When I Was Beautiful--Guest Post by Beth English
I read this beautiful poem by my friend Beth English on the Cru Global Staff Women site. It touched me, and the number of comments indicated many were affected by it. Since all of us keep adding to our years, I thought you would love to read it. May it be just what you need today.
Grandmama,” she says,
Unearthing a photo of me when I was sixteen,
Her blue eyes sparkling,
Blonde hair floating about her shoulders,
Sunkist cheeks flushing pink,
“You used to be beautiful then!” “Then?" I think. “Then?”
But say instead, “you think so?”
“I know so!” she says in that definitive little way of hers
As if she has the world figured out–Daring it to deviate from her determined point of view. “Then?” I think, but do not say. “Then I was beautiful?”
“What do you know of beauty?”
Me at sixteen,
An unlined, unblemished face In an artificially arranged
Studio with soft lighting?
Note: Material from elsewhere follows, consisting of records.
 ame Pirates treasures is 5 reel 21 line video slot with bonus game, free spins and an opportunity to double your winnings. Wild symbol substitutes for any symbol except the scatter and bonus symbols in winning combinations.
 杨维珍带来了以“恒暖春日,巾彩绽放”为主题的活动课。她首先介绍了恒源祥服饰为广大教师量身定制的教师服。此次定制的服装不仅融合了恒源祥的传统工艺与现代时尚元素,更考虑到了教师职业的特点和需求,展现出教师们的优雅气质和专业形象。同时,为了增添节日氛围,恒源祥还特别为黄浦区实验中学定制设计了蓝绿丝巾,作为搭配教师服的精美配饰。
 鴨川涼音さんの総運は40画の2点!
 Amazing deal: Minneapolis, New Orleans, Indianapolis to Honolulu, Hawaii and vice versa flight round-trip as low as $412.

I tell you, my girl,
I am more beautiful now than I ever was,
With my soul worn down, smooth and resilient,
Like the soft blue jeans you always wear,
Like supple leather pounded with rubber mallets
From worries I could not stop
And storms I couldn’t control
Soothed only with the peace
Of God’s presence
And friendship
And empathy. I am more beautiful now than I ever was.
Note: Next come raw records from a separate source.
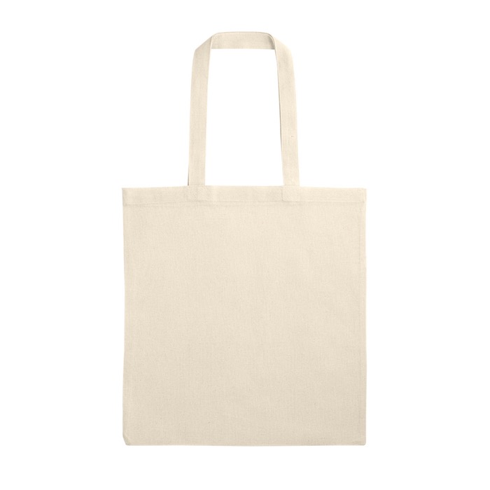 Bolsa de algodón (70%) y poliéster (30%) con un gramaje de 140 g/m². Diseñada para ser ligera y duradera, esta bolsa cuenta con asas medianas de 60 cm, ideales para un transporte cómodo. Su composición de materiales reciclados la convierte en una opción sostenible, perfecta para empresas que buscan reducir su impacto ambiental. Sin embalaje individual, lo que minimiza residuos. Además, ofrece un servicio Express para entregas rápidas. Ideal para eventos corporativos, ferias o como parte de una estrategia de marketing ecológico.
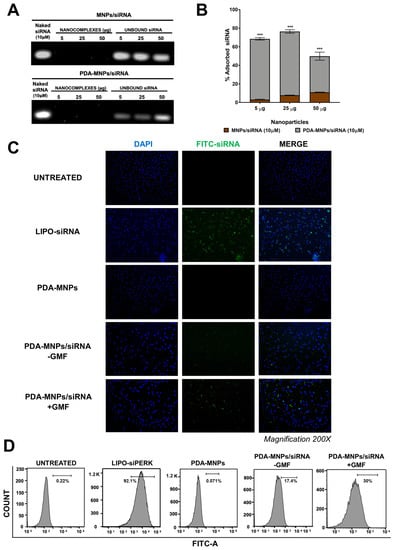 Preparation and the cellular uptake of PDA–MNPs/siRNA in PEM cells. (A) Images showing the loading of siRNA onto nanocarriers examined by agarose gel electrophoresis. Different ratios of MNPs and PDA–MNPs with 10 µM siRNA were used in this typical experiment. (B) Quantification of the percentage of siRNA bound to MNPs or PDA–MNPs, obtained by subtracting the amount of unbound siRNA from the total siRNA after magnetic decantation (densitometric analysis). The results are expressed as % absorption ± SD of the percentage (delta method); they were compared among them for statistical analysis and were obtained from three independent experiments performed in triplicate. (C) Delivery of the siRNAs loaded on nanoparticles into PEMs in the presence/absence of GMF obtained by fluorescence microscopy. Cells were incubated with FITC–labeled siRNA complexes (20 µg) for 24 h. Images were acquired after fixation, permeabilization, and staining for nuclei with DAPI (blue). siRNA transfection with Lipofectamine 2000 (LIPO) and PDA–MNPs alone represent the controls. (D) Cell uptake efficiency in PEMs, measured by flow cytometry. The values of FITC–siRNAs are indicated for each treatment. Statistical analyses were performed using a t–test for each experimental concentration (*** p < 0.001).
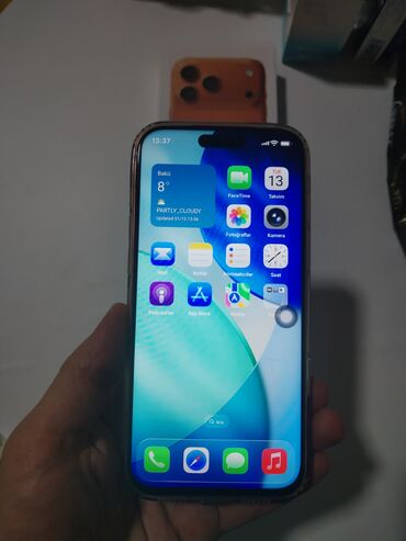 Apple iPhone (Pro seriyası) – açıq krem/qızılı rəngdə Yeniden secilmir ideal veziyyet telefon 2ci kimi islendiyi ucun hec praqramlar Whatsapp bele yuklenmeyib ancaq sekil cekilib.. Telefonun rengi...
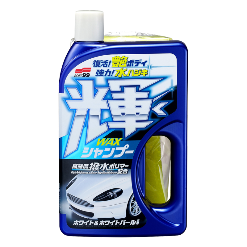 Шампунь SOFT99 Wax in Shampoo High Shiny White. Для гідрофобного сходження води та блиску cвітлих авто
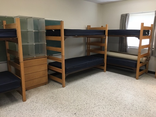 Pictured: UCC volunteers with client Marlene (center); dormitory accommodations for volunteers.
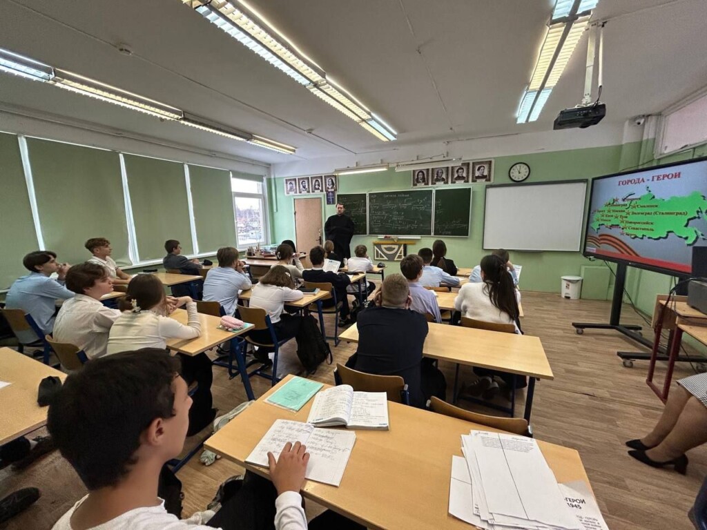 В преддверии 80-летия Великой Победы открытый урок на тему «Города-герои и их известные и неизвестные защитники!» подготовили учащиеся 8 «А» класса.
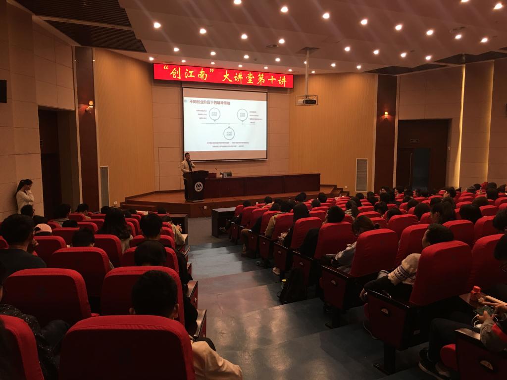 2017年11月3日下午,“创江南”大讲堂第十讲在远东报告厅顺利举办。wwwbet365官方创业导师、学生工作处相关领导、创业工作辅导员,以及各学院300余名参与“互联网+”大学生创新创业大赛和对创业感兴趣的同学参加了本次活动。

If I were a rose I would be a Queen Elizabeth
Full of scent and elegance.
If I were a tree I would be a towering redwood
With roots that go deep.
If I were a voice,
I would be a whispered caress.
If I were a stone, I’d be the solid foundation of a home. I am more beautiful now than I ever was.
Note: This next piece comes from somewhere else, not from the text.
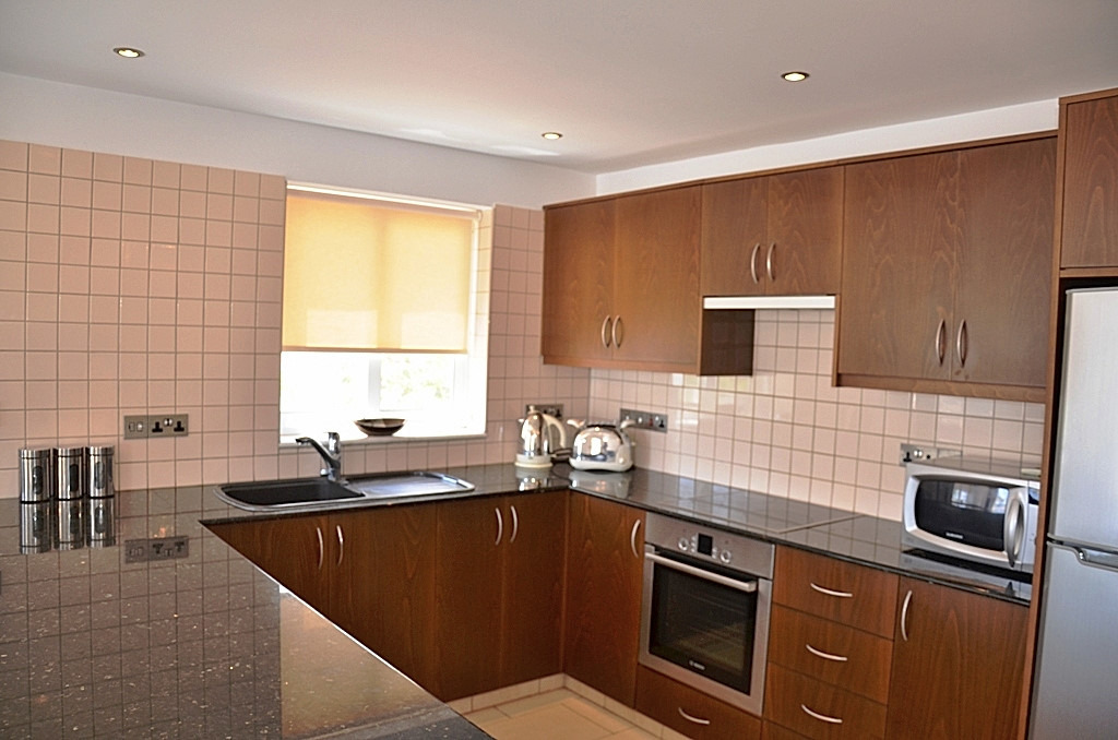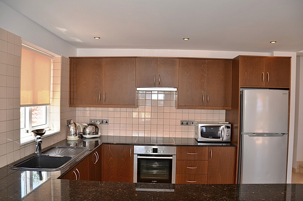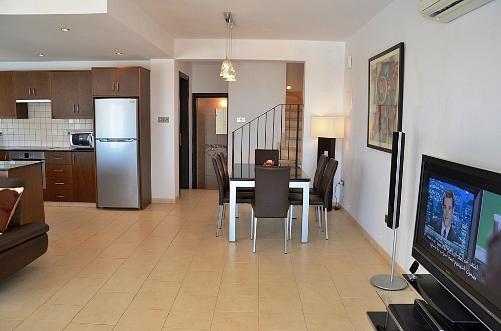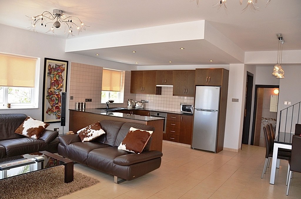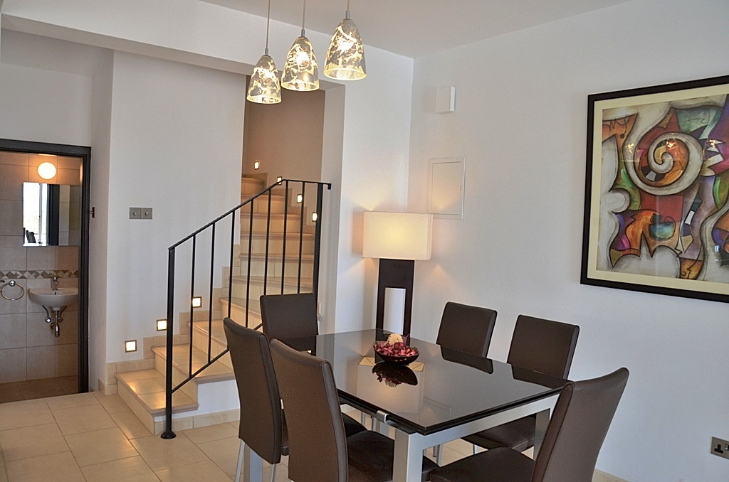 Op de begane grond de open woon / eetkamer met keuken. De woonkamer is uitgerust met een hoge kwaliteit donkere lederen sofa en een salontafel, TV met DVD en Wifi Internet. Zelfs de eetzaal is donker bewaard en heeft 6 stoelen. De hoogwaardige keuken is goed uitgerust en heeft, onder andere ook een wasmachine. Een van de slaapkamers is op de begane grond, en er is ook een badkamer met douche. Een trap leidt naar de eerste verdieping. Hier zijn nog twee slaapkamers en een complete badkamer. Een van de slaapkamers is ingericht met twee eenpersoonsbedden, de andere met een tweepersoonsbed, deze heeft ook toegang tot een groot balkon met prachtig uitzicht op zee.

I am enduring, I am weathered,
Rounded as river stones from a swift current,
Hammered, hammered flat as silver
By my mistakes and
Erroneous judgments,
Tempered by tragedy,
Softened by storm,
Kneaded by need
To the Potter’s pliable clay. If I thought you’d listen,
I’d tell you the way to become beautiful
Would be to let the storms rage,
To fix your hope on the lighthouse,
Shining in the worst of weather,
And to let life’s arrows pass through Your quivering body
Knowing He will heal you,
Even when you think it is impossible.
Though you would hear
You would not listen,
For these are the lessons
You must teach yourself. Have you ever smelled a scarlet rose the very day
Before the petals fall?
Eaten a peach at its ripest,
Juice dripping down your chin?
Tasted a wine
Mellowed to perfection?
This is the fullness of time, my dear.
I am there
And I am beautiful.
Beth English has served on Cru Campus staff for 42 years--her first job was working with me in Publications. She served with her husband, David, for seven years in Eastern Europe. They have been married for 40 years, and have 4 adult children and live in Springdale, Arkansas. She writes and speaks on Emotional Developmental Stages of Women’s lives and she enjoys speaking at women’s conferences. Her favorite books are her Bible, a huge dictionary and the Complete Word Study Bible.